Resumo da notícia
Deputados criam Bancada da Liberdade para barrar IOF sobre criptomoedas.
Parlamentares criticam tentativa de tributação via decreto ou norma regulatória.
Grupo defende segurança jurídica e tributação apenas por lei formal.
Embora o governo Lula não tenha desistido de impor imposto em operações com criptoativos, segundo informações exclusivas compartilhadas com o Cointelegraph Brasil, diversos deputados federais se reuniram e criaram uma bancada para barrar qualquer proposta de cobrar IOF de criptomoedas e lutar contra qualquer decreto ou Instrução Normativa que seja editada com este objetivo.
O grupo ganhou o nome de Bancada da Liberdade, e foi articulado no âmbito da Frente Parlamentar pelo Livre Mercado (FPLM), a mesma frente que liderou o debate e derrubou no ano passado a MP 1.303/2025 que buscava justamente a introdução de impostos nas operações com criptomoedas (entre outras propostas).
Para integrantes da FPLM, após a queda da MP, a sinalização recente do governo de aplicar IOF sobre operações com ativos virtuais, com base no novo enquadramento regulatório do Banco Central sobre stablecoins, representa uma mudança de estratégia e precisa ser combatida.
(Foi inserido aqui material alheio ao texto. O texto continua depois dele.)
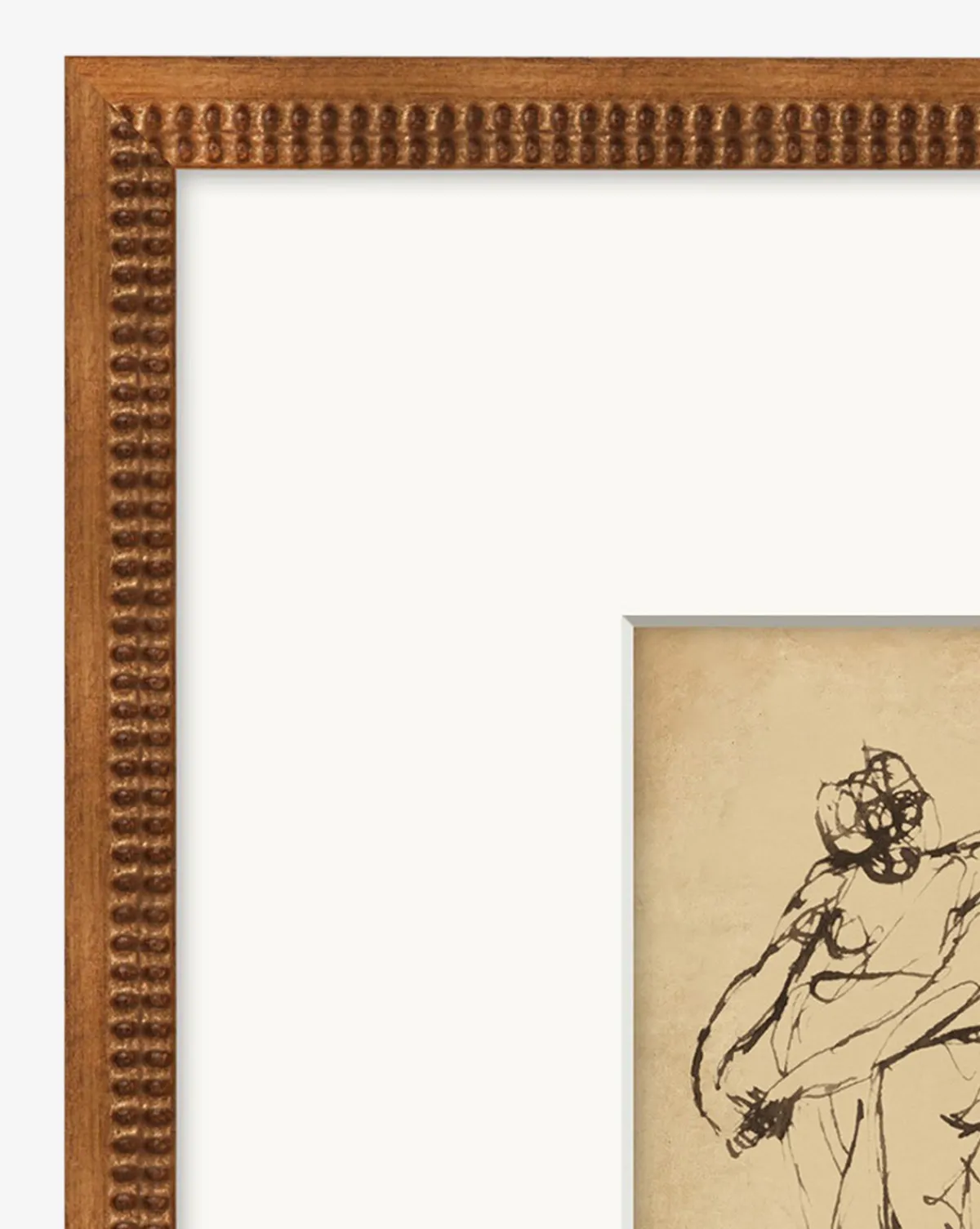 Displaying art in progress, Entwined evokes emotion through its clever use of negative space. Fitted with a single mat, and warm toned wood frame, this piece blends seamlessly with your existing decor, whether it’s styled as part of a gallery wall, or layered on your mantel.

“Quando o Congresso rejeita uma proposta de aumento de carga tributária e, na sequência, surge a tentativa de alcançar o mesmo efeito por decreto, estamos diante de um problema institucional”, afirma a deputada federal Caroline De Toni (PL-SC), presidente da Frente pelo Livre Mercado.
Segundo ela, a principal preocupação não é apenas o tributo em si, mas a forma como ele vem sendo implementado.
“O IOF foi concebido como instrumento de política monetária e cambial, não como ferramenta arrecadatória para suprir frustração legislativa. Precisamos preservar a segurança jurídica e a previsibilidade para o ambiente de inovação”, diz.
PEC propõe extinção do IOF
Entre os deputados da bancada, também há uma mobilização contra a incidência do IOF sobre ativos virtuais, que se soma à proposta de emenda à Constituição que prevê a extinção do imposto, liderada por Caroline De Toni.
A proposta surgiu após aumentos recentes das alíquotas e parte da avaliação de que o tributo vem sendo utilizado de forma predominantemente arrecadatória.
“O Brasil precisa de estabilidade institucional. Investimento e inovação não convivem bem com tributos que podem ser alterados por decreto e utilizados como variável fiscal”, afirma a deputada.
Além disso, após a publicação, pelo Banco Central do Brasil, das INs 519, 520, 521, 693, 701 e 704, que, entre outros, enquadraram stablecoins no mercado de câmbio (abrindo espaço para a nova proposta de IOF do governo), o deputado Rodrigo Valadares (União-SE), integrante da FPLM, apresentou o Projeto de Decreto Legislativo (PDL) 1007/2025, que susta integralmente os efeitos das resoluções.
“O governo perdeu no Congresso e agora tenta recuperar no grito o que não conseguiu no voto. Essa investida via IOF é um subterfúgio arrecadatório, movido pelo desespero por receita, que ignora a vontade do Parlamento e penaliza diretamente um setor inovador”, afirma o parlamentar.
Nos bastidores, parlamentares da Bancada da Liberdade defendem que qualquer mudança estrutural na tributação de ativos virtuais ocorra por meio de lei formal, com debate legislativo transparente e análise adequada de impacto regulatório.
“O Brasil só avançou no marco legal de ativos virtuais porque houve debate, voto e responsabilidade institucional. Tentar agora aumentar imposto por atalho regulatório é desrespeitar o Congresso e punir quem investe, inova e gera emprego. Se isso prosperar, o recado é claro: aqui a regra muda conforme a fome de arrecadação do governo”, conclui Valadares.